> **Work required**
Word-for-word transcription: reproduce all of the data, but not the pictures.

> **Raw data**
------------------------------------------------------------

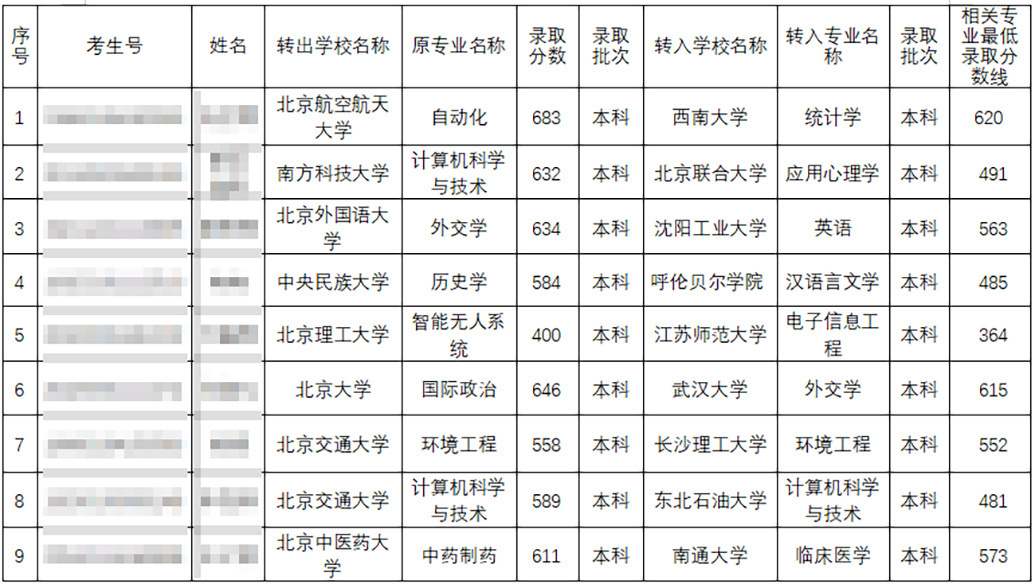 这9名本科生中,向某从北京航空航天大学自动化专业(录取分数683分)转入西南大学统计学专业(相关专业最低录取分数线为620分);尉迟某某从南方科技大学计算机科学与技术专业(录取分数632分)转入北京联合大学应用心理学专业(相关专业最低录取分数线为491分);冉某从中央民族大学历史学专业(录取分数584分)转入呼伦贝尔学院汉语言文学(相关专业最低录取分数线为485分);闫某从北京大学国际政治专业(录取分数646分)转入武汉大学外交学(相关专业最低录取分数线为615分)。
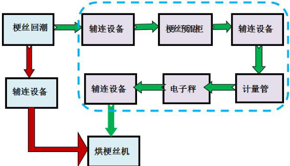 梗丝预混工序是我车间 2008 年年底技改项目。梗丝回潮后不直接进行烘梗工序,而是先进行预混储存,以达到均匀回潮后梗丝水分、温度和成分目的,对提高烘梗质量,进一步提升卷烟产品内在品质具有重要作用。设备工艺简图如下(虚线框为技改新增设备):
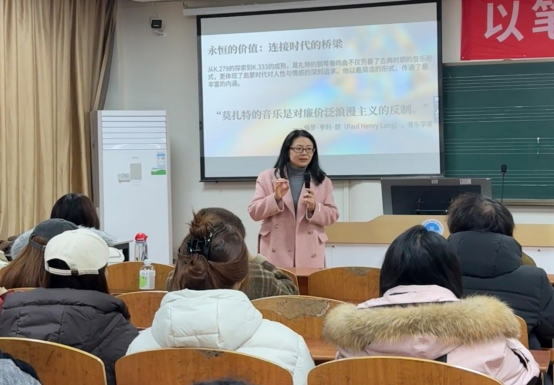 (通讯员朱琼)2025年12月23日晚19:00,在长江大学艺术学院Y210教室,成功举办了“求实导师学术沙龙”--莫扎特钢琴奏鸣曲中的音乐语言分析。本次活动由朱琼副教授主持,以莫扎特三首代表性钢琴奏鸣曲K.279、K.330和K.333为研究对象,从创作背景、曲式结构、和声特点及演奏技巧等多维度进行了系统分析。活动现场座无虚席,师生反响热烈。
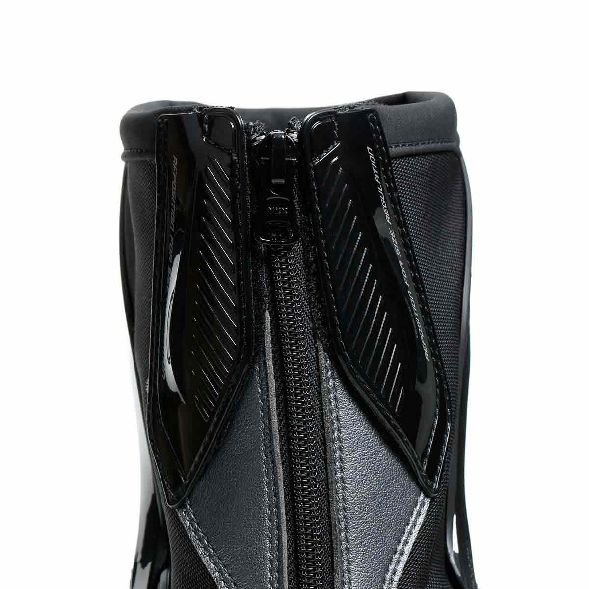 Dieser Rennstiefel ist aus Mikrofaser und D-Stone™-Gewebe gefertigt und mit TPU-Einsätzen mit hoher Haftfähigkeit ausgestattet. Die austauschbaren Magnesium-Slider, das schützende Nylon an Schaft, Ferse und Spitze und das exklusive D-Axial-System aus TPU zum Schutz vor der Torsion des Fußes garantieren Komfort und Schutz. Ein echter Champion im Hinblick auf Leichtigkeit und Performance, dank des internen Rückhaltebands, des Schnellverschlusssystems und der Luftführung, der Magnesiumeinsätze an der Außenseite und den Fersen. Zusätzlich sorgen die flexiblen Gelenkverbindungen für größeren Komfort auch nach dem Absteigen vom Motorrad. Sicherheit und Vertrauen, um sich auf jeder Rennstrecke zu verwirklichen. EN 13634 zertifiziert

------------------------------------------------------------

> **Result of the task**
 这9名本科生中,向某从北京航空航天大学自动化专业(录取分数683分)转入西南大学统计学专业(相关专业最低录取分数线为620分);尉迟某某从南方科技大学计算机科学与技术专业(录取分数632分)转入北京联合大学应用心理学专业(相关专业最低录取分数线为491分);冉某从中央民族大学历史学专业(录取分数584分)转入呼伦贝尔学院汉语言文学(相关专业最低录取分数线为485分);闫某从北京大学国际政治专业(录取分数646分)转入武汉大学外交学(相关专业最低录取分数线为615分)。
 梗丝预混工序是我车间 2008 年年底技改项目。梗丝回潮后不直接进行烘梗工序,而是先进行预混储存,以达到均匀回潮后梗丝水分、温度和成分目的,对提高烘梗质量,进一步提升卷烟产品内在品质具有重要作用。设备工艺简图如下(虚线框为技改新增设备):
 (通讯员朱琼)2025年12月23日晚19:00,在长江大学艺术学院Y210教室,成功举办了“求实导师学术沙龙”--莫扎特钢琴奏鸣曲中的音乐语言分析。本次活动由朱琼副教授主持,以莫扎特三首代表性钢琴奏鸣曲K.279、K.330和K.333为研究对象,从创作背景、曲式结构、和声特点及演奏技巧等多维度进行了系统分析。活动现场座无虚席,师生反响热烈。
 Dieser Rennstiefel ist aus Mikrofaser und D-Stone™-Gewebe gefertigt und mit TPU-Einsätzen mit hoher Haftfähigkeit ausgestattet. Die austauschbaren Magnesium-Slider, das schützende Nylon an Schaft, Ferse und Spitze und das exklusive D-Axial-System aus TPU zum Schutz vor der Torsion des Fußes garantieren Komfort und Schutz. Ein echter Champion im Hinblick auf Leichtigkeit und Performance, dank des internen Rückhaltebands, des Schnellverschlusssystems und der Luftführung, der Magnesiumeinsätze an der Außenseite und den Fersen. Zusätzlich sorgen die flexiblen Gelenkverbindungen für größeren Komfort auch nach dem Absteigen vom Motorrad. Sicherheit und Vertrauen, um sich auf jeder Rennstrecke zu verwirklichen. EN 13634 zertifiziert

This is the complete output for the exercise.